<div align="center">
[](https://crates.io/crates/authotron)
[](https://github.com/ecmwf/auth-o-tron/blob/main/LICENSE.txt)
[](https://github.com/ecmwf/codex/raw/refs/heads/main/ESEE)
[](https://github.com/ecmwf/codex/raw/refs/heads/main/Project%20Maturity)
[](https://sites.ecmwf.int/docs/authotron/main/)
</div>
> [!IMPORTANT]
> This software is **Emerging** and subject to ECMWF's guidelines on [Software Maturity](https://github.com/ecmwf/codex/raw/refs/heads/main/Project%20Maturity).
Effortless authentication and authorization for web APIs.
* Easily configure HTTP APIs to use a variety of authentication providers.

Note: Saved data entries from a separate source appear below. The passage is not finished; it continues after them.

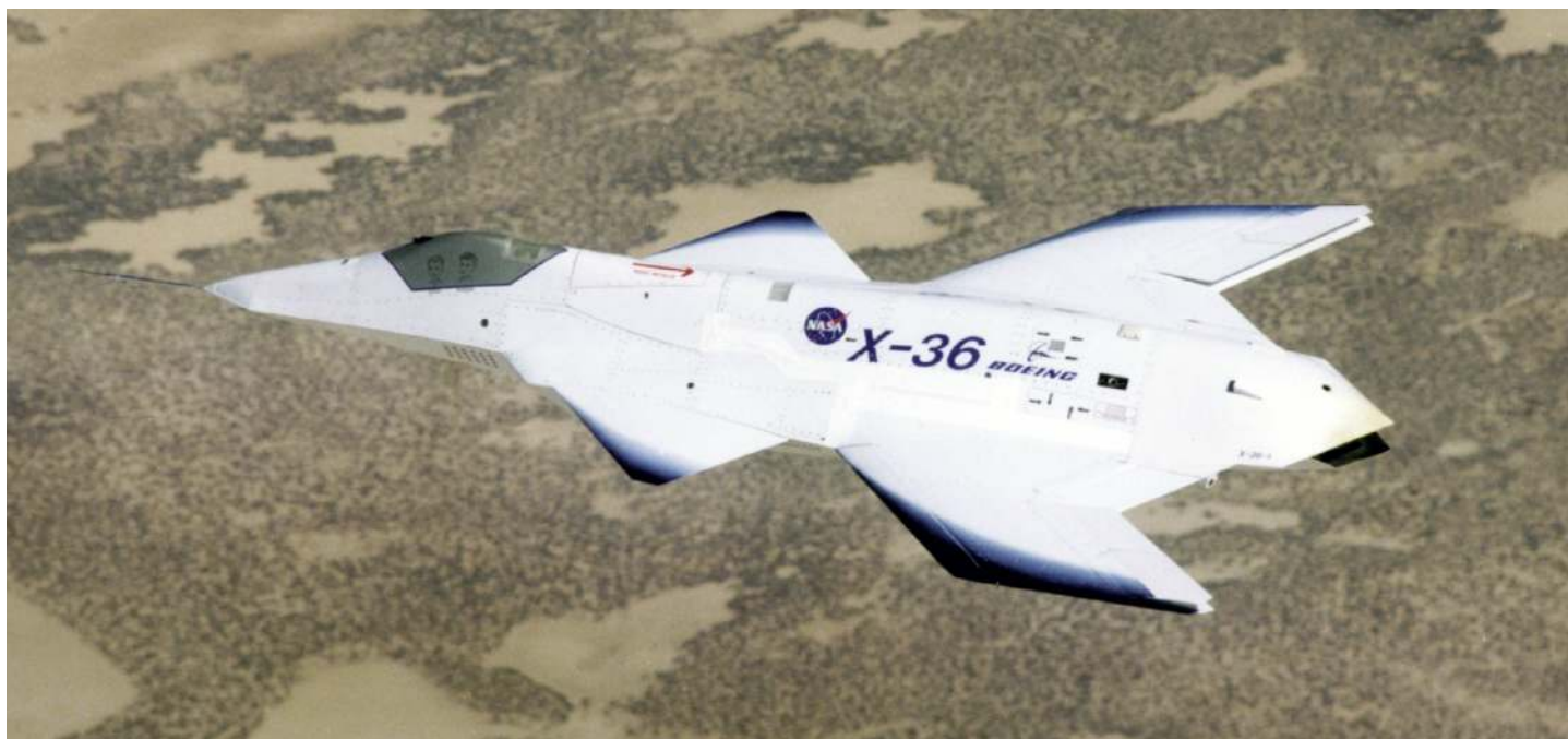
Figure 7: Image of X-36: "The X-36 Tailless Fighter Agility Research Aircraft, a 28% scale test aircraft, in flight, now part of the exhibit at the National Museum of the USAF in Dayton, Ohio"

design was also entirely tailless, using the canards, coupled with thrust vectoring to achieve the desired flight characteristics without vertical stabilizers. With McDonnell Douglas merging with Boeing in the same year, the X-36 may give us at least a little glimpse of what to expect of the F-47, although it must be said that stealth technology has changed a lot in the almost 30 years since then (Stewart, 2024).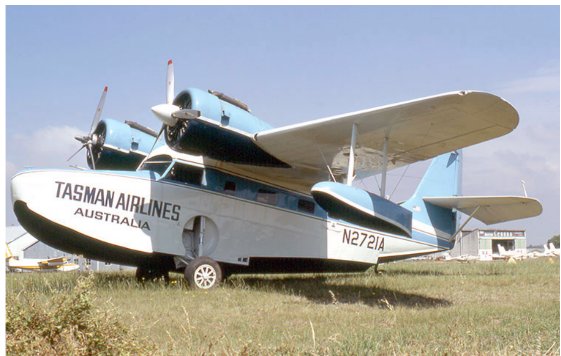
Grumman JRF-5 Goose N2721A (c/n B-54) at Sydney-Bankstown in November 1974.

First flown at Grumman's newly established plant at Bethpage NY on 29 May 1937, the Goose proved to be an outstanding aircraft in both civil and military use. All models were built with variants of the 450hp P&W R-985 Wasp Junior engines. Goose production totalled 345 aircraft, ending in October 1945 at Bethpage.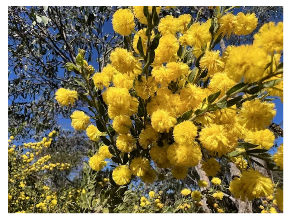
Read more >>>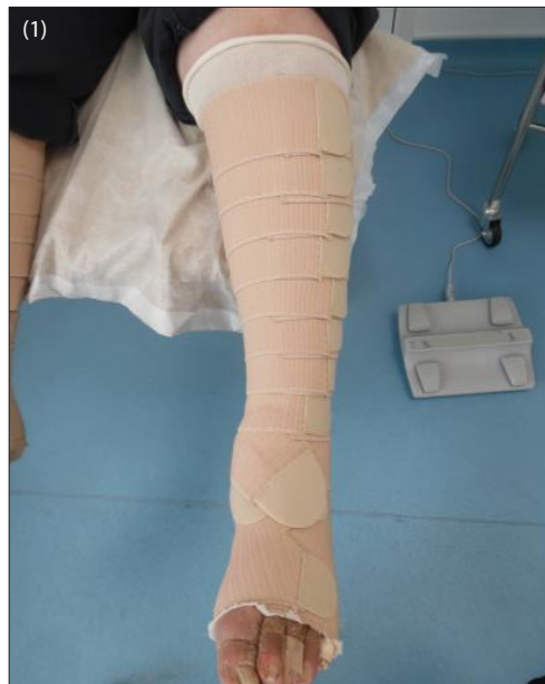
Figures 1 and 2. Easywrap in situ.

a patient goes from supine to standing (Nazarako, 2017). This leads to venous insufficiency and due to increased capillary filtration into the tissues, will often predispose the patient to oedema formation (Elwell, 2015). This is due to the impact that venous insufficiency has on the capacity of the lymphatics which, as well as functioning as part of the immune system, has a primary role in the transportation of 100% of interstitial fluid back into the circulatory system (Woodcock and Woodcock, 2012). The lymphatic system becomes overwhelmed and unable to effectively transport the fluid which, if left untreated and present for more than 3 months, will be defined as a chronic oedema (Moffatt et al, 2016).

* Make requests to Auth-O-Tron from your service, or simply use Auth-O-Tron as an ingress auth proxy.
## Why do I need Auth-O-Tron?
Modern authentication providers are great for securely authenticating and authorizing interactive users in a browser. However, they often lack sensible flows for access to web APIs, especially in a machine-to-machine environment. Auth-O-Tron is a simple service that sits between your API and your authentication providers, allowing you to easily configure your API to use a variety of authentication providers.
## How does it work?
Auth-O-Tron is deployed as a standalone service alongside your ingress (e.g. NGINX `auth_request`). It validates credentials, enriches users with roles and attributes, and returns a signed JWT that your backend services can trust.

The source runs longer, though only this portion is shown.